AK Parti ve CHP kimseye alan bırakmıyor mu?
Gelecek daima endişe ve umutla birlikte yoğrulur. Türkiye’nin önünde nasıl bir gelecek olduğuna dair düşünce ve arayışların çoğunda endişenin daha ağır bastığı söylenebilir. Karamsarlığa kolayca kapılmamızın bunda payı olsa da, yaşadığımız coğrafyanın güllük gülistanlık olmayan hali de ortada.
Gazze’deki insanlık dramı ve soykırım, sadece gerçekleştiği alanda değil, neredeyse tüm dünyada sonuçlar üretmeye devam ediyor. Türkiye’nin bu meseleye dair ilgisini ve öngörüsünü anlamamakta ısrar edenler, ortaya çıkan bu etki alanının nelere gebe olduğuna da kafa yormuyor.
Rusya-Ukrayna arasında yaşananlar, kelimenin tam anlamıyla dünyayı ikiye böldü. Gazze’deki yıkım ve vahşetten sonra dünya asla eskisi gibi olamayacak. İran’ın içine girdiği çemberden bir türlü çıkamaması, kendi iç dengelerinde yaşadığı sorunlar, içinde resmen yer aldığı ittifaklara rağmen halen ‘üvey’ muamelesi görmesi bizi her açıdan etkiliyor ve ilgilendiriyor. Suriye’de oluşturulmak istenen istikrarsız ve suni yapıların bize dair boyutları da herkesin malumu.

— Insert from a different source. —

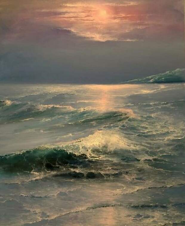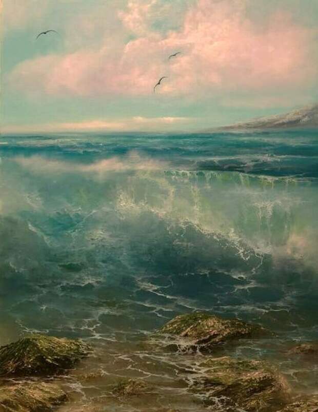 Его морские пейзажи — это не просто картины. Это живое море, которое вот-вот выльется за раму, дышит, шумит и играет на солнце. Волны прозрачны, небо полыхает рассветами и закатами, а зритель будто проваливается в этот чарующий водный мир. Щепетнову удаётся главное — его море трогает за душу и не отпускает.

Şimdi sıcak gündem olsa da uzun yıllardır kuvvetli sinyaller veren “aşırı sağ” meselesi de, Avrupa Birliği meselesinden o coğrafyadaki milyonlarca insanımıza kadar bizim açımızdan tehditler oluşturuyor.
ETRAFIMIZDAKİ ÇEMBER GERÇEK
Ortaya koyduğum bu çerçeveyi dış politika konuşmak için aktarmadım. Yakın ve çok yakın çevremizdeki sorunları hızlıca hatırlattım sadece.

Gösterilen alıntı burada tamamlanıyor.